The Coordinator Agent Pattern: When You Actually Need One
Coordinators add latency and cost. The signals that you actually need one, and the simpler patterns that work most of the time.
Signals you need a coordinator
Three signals indicate a coordinator pays back. More than 3 specialists involved in a single workflow (below that, code-based orchestration is simpler); dynamic dependencies (which specialist runs next depends on what the previous one found, static orchestration cannot express this); multi-step plans that branch (plan A pursues one path, plan B another, the coordinator picks per-run).
- 3+ specialists per workflow. Below that, code-based orchestration is simpler.
- Dynamic dependencies. Next specialist depends on previous output; static can’t express.
- Branching multi-step plans. Plan A vs B picked per run; coordinator decides.
- Per-workflow signal evaluation. Each workflow tested against the three signals; supports correct decision.
Simpler patterns that work most of the time
Three patterns work without a coordinator. Pipeline (agent A to B to C, fixed order; a function call chain in code, no coordinator needed); fan-out (agent A to (B, C, D in parallel); code-based, no coordinator); conditional (if the result of A is X, run B, else run C; a switch statement, no coordinator).
- Pipeline. A to B to C fixed order; function call chain.
- Fan-out. A to (B, C, D parallel); code-based; no LLM coordination.
- Conditional. Result of A is X then B else C; switch statement.
- Per-pattern code preference. When code suffices, use code; LLM coordination is the fallback.
Cost of a coordinator
The coordinator has real costs. A coordinator is itself an LLM call (adds latency: 1-3 seconds per coordination decision); adds tokens (the coordinator has to read the state of all sub-agents, tokens grow with the number of sub-agents); adds failure modes (the coordinator can mis-route, deadlock, or loop, so eval and observability are required).
- 1-3 second latency per decision. The coordinator is an LLM call; adds round-trip time.
- Token cost grows with sub-agents. Coordinator reads state; cost scales with depth.
- New failure modes. Mis-route, deadlock, loop; eval and observability required.
- Per-coordinator monitoring. The coordinator has its own SLO; supports correct operation.
Design the coordinator narrowly
The coordinator’s only job is routing. Not reasoning, not analysis, not action; coordinator input is the goal, the available specialists, the current state, and output is which specialist to invoke next with what scope; coordinator does not see specialist internals and reads only the structured output of each specialist.

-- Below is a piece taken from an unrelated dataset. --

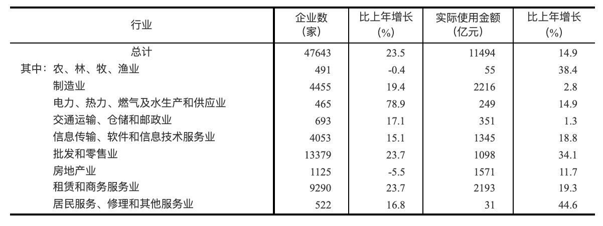 全年外商直接投资(不含银行、证券、保险领域)新设立企业47643家,比上年增长23.5%。实际使用外商直接投资金额11494亿元,增长14.9%,折1735亿美元,增长20.2%。其中 “一带一路” 沿线国家对华直接投资(含通过部分自由港对华投资)新设立企业5336家,增长24.3%;对华直接投资金额743亿元,增长29.4%,折112亿美元,增长36.0%。全年高技术产业实际使用外资3469亿元,增长17.1%,折522亿美元,增长22.1%。

- Routing only. Not reasoning, not analysis, not action; the discipline.
- Goal-specialists-state input. Three inputs; bounded surface.
- Specialist-and-scope output. Two-field output; structured.
- Sees only structured output. No specialist internals; the abstraction holds.
Trust the coordinator carefully
Three constraints keep the coordinator safe. Read-only by default (the coordinator can route but cannot act, specialists do the acting); bounded loops (the coordinator can iterate up to N times, beyond that escalate, N is small typically 5); eval the coordinator separately because its routing decisions are first-class outputs that need their own test suite.
- Read-only by default. Routes but doesn’t act; specialists act.
- N=5 loop bound. Up to 5 iterations; beyond that escalate.
- Separate eval suite. Routing decisions are first-class outputs; need their own tests.
- Per-coordinator audit log. Routing decisions captured; supports investigation.